When it rains, it fucking floods.
I’m not talking about Hurricane Polly, either, although that’s not exactly helping matters.
The latest shit storm was last night. Nine a
nd Pike, along with one of Bear’s guys they call Badger, were moving a shipment of blow when it was jacked on the middle of the fucking causeway. MY fucking causeway, by some wannabe thugs for hire.
Unluckily, I’m the one who fronted the fucking cash. Like I need more shit to be worried about right now in addition to Pup and whatever the fuck it is she’s keeping from me. I’m somewhere between angry and confused that she’s not being honest with me, and I hate to fucking admit, hurt.
Which just makes me even more angry.
I step into the framed addition to the house. Pup really did draw up a great plan. When it’s done, it will be a new master suite, a kitchen addition, and a huge playroom for the kids. What Pup doesn’t know is what else it will include, but I plan on holding onto that bit of information from her until its complete and every room looks just as she’s imagined.
Currently, it’s just a place that smells like sawdust—I spy Pike and Nine waiting for me inside the framed walls—and bad fucking news.
Pike is mindlessly twirling his handcuff bracelets around his wrists with his back against one of the studs.

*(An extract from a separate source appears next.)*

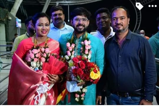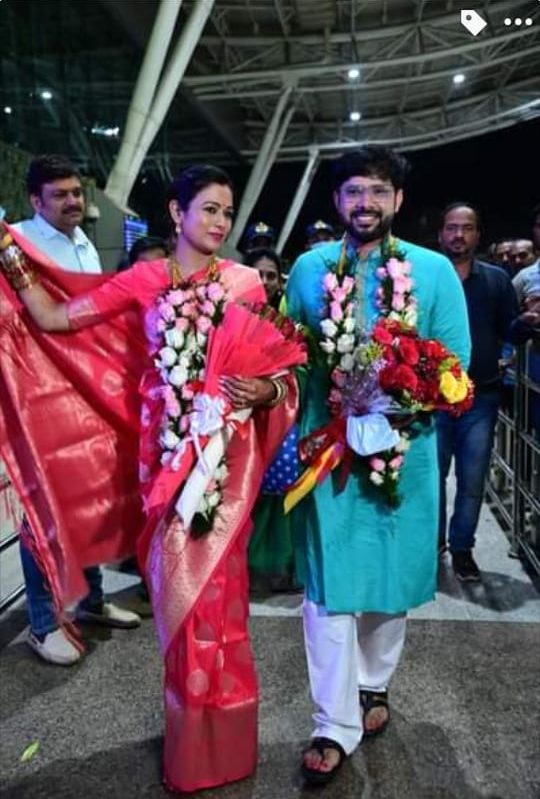 Bhubaneswar: The newlywed Ollywood star couple Sabyasachi and Archita were swamped by press and fans on arriving in Bhubaneswar on Friday evening.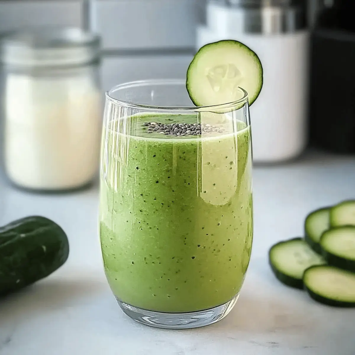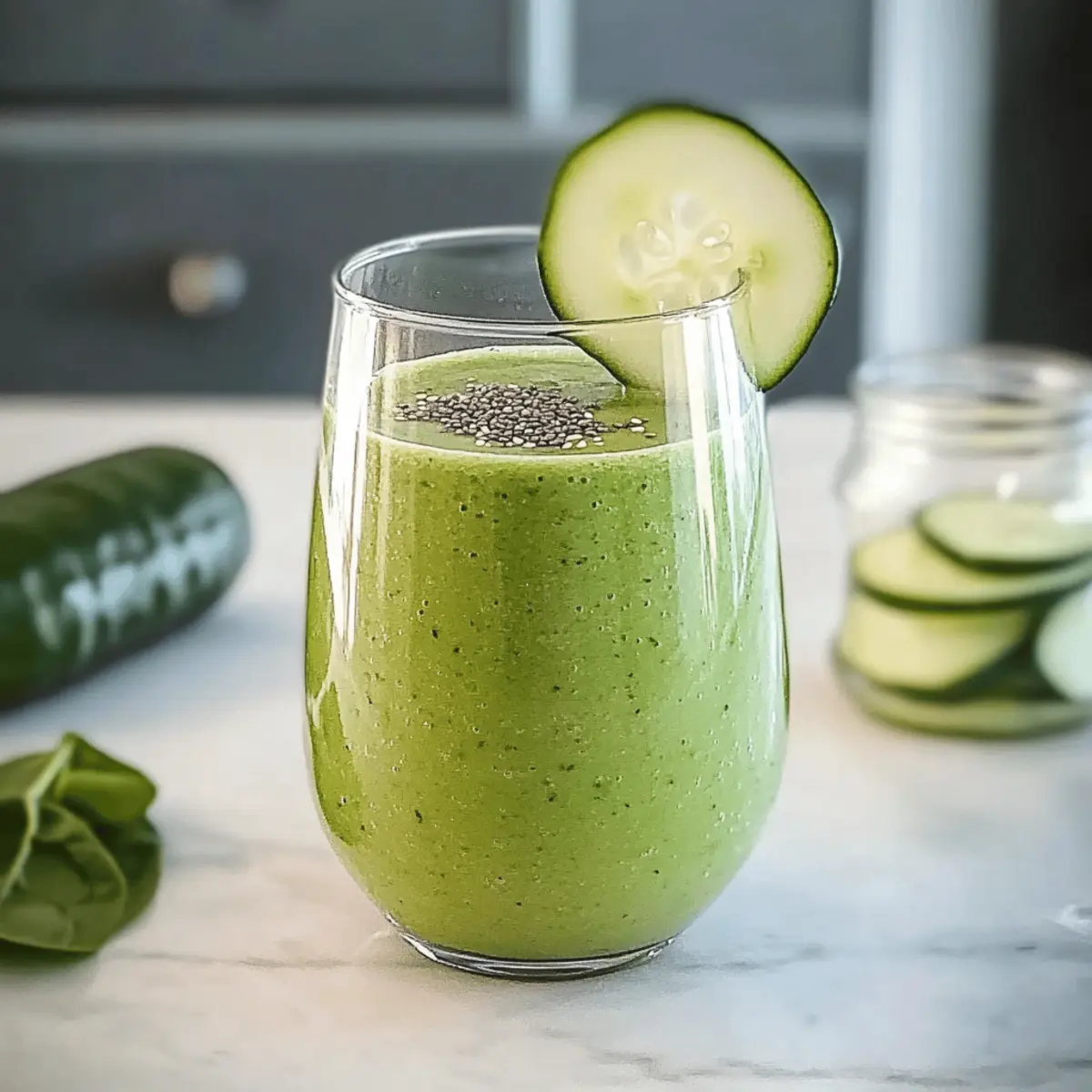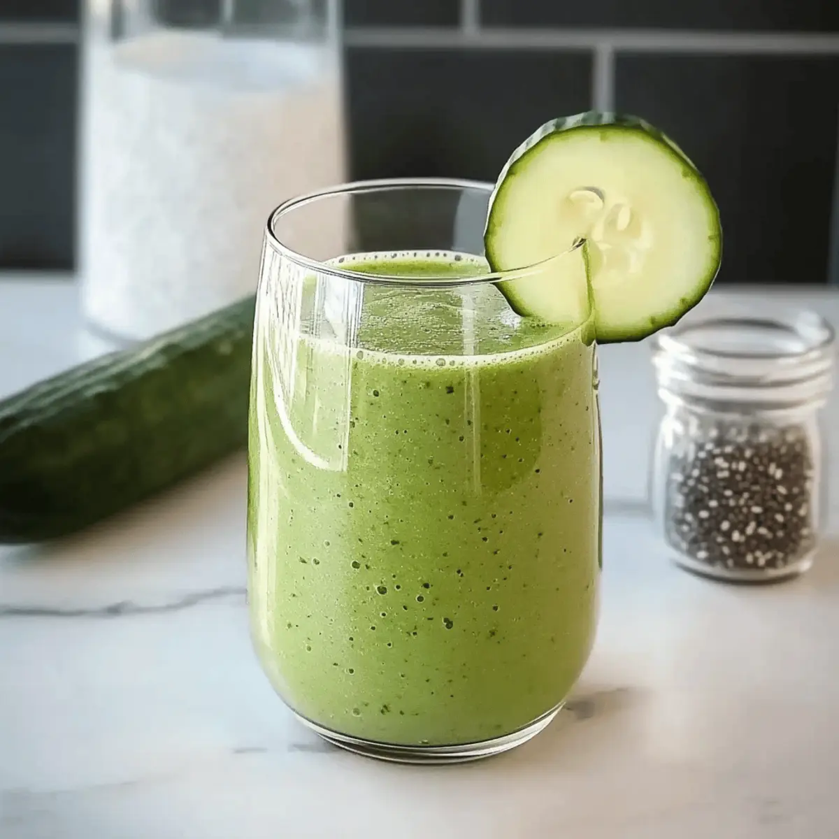 - Pour the smoothie into glasses, garnish with cucumber slices or chia seeds, and serve immediately.

His chin-length beach boy hair falls into his battered face. There’s a cut above his right eye and a blood stain where he’s bleeding through the bandage. There’s a bruise under his other eye.

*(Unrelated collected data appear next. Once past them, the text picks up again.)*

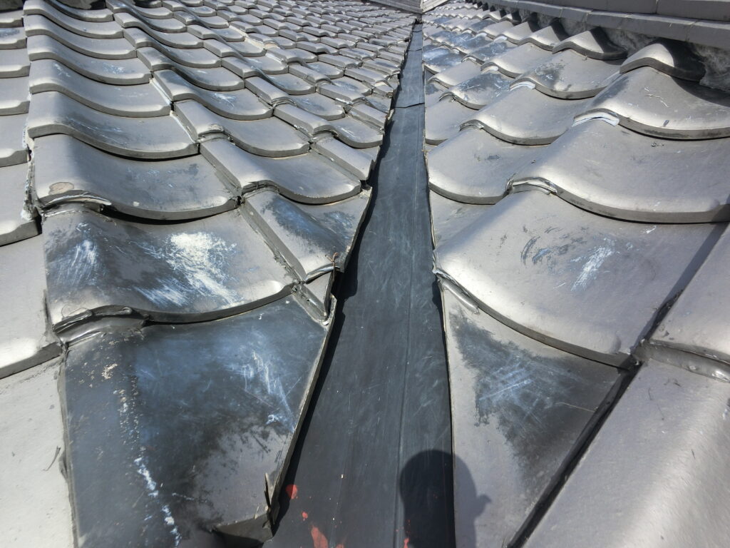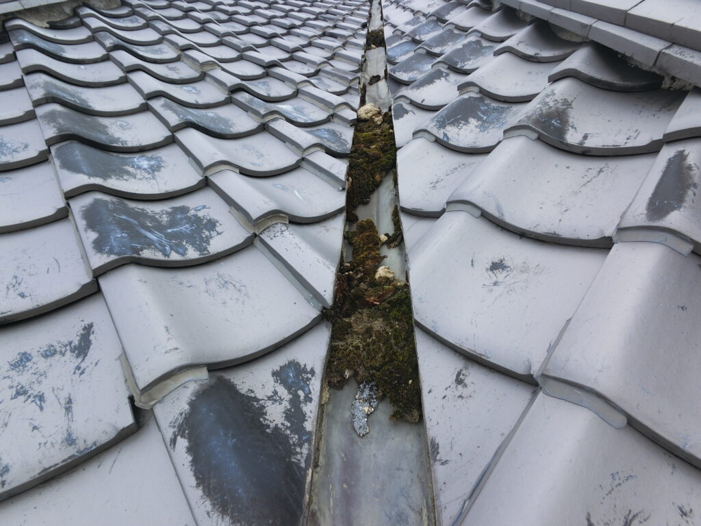 今回はサビや歪み、堆積物による詰まりが見られたため、谷板金の交換工事を行いました。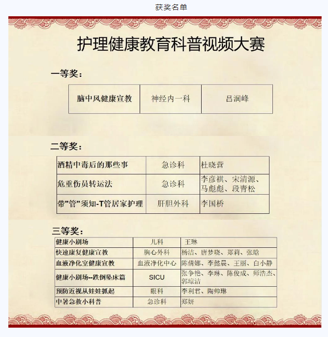 此次健康教育科普视频大赛,激发了今日看料全体护理人员的科普热情,推动和促进了今日看料健康宣教的开展。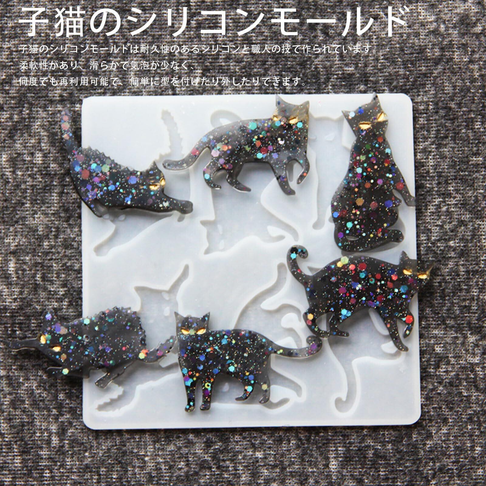 【製品仕様】シリコンモールド1個です。 サイズや形の異なる6種類の猫が入っています。 【高品質】高品質のシリコン製で、柔らかく弾力性があります。 耐久性があり、再利用可能。 素材は柔らかく、取り外しが簡単で、掃除が簡単です。 【DIY】カラーレジン、ドライフラワー、ペイント、グリッターなどの装飾パーツを追加して、自分だけのオリジナルアクセサリーを作ることができます。 【操作簡単】成形や脱型が簡単で、初心者でも簡単に操作できます。 【幅広い用途】さまざまなDIYプロジェクトに適しています。 ネックレス、ブレスレット、キーチャーム、ペンダントなどをお作りいただけます。 UVレジン、エポキシ樹脂、樹脂粘土などにもご使用いただけます。 家族や友人へのプレゼントとしても最適です。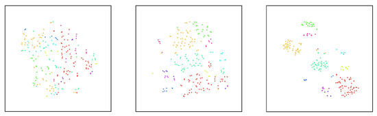 As shown in Figure 4, the T-SNE [] method is used to visualize each stage of the proposed method. Firstly, a pre-trained model is used on ImageNet to visualize the distribution of pedestrian data, and since the pre-trained model already has basic recognition capabilities, it can be seen that a little part of the same pedestrian features is close in the feature space. However, the pre-trained model is a generalized model and does not target pedestrian tasks very well, so that the pedestrian data is still very scattered in the feature space. Then, after the model is initialized, the same pedestrian data already has a similar distribution in the feature space. Because the model first treats each pedestrian image as a separate category, pulling the rest of the categories farther away during initialization, the data presents a very fragmented state. Finally, the model is fine-tuned by softened labels, and in the process of fine-tuning the model, similar features gradually converge. From Figure 4, the fine-tuned model successfully pulls pedestrians of the same category closer than the initialized model, and the model thus learns a better distribution.

Nine is on his phone, but looks up when he hears me approach and shoves it back into his pocket. I consider the kid my protege, and not just because he’s Preppy’s brother, but because he’s smart as fuck, violent when the situation calls for it, and willing to take direction. He’s the next generation. The Prince of Logan’s Beach.
If he doesn’t fuck it up before he even gets started.
Nine, as usual, doesn’t waste any time getting down to business. He turns over a neon orange bucket and takes a seat.
“Tell me everything.” I demand. “What the fuck have you found out?” I light a smoke to give my hands something to do besides tear down the wood surrounding us and breaking it over my knee.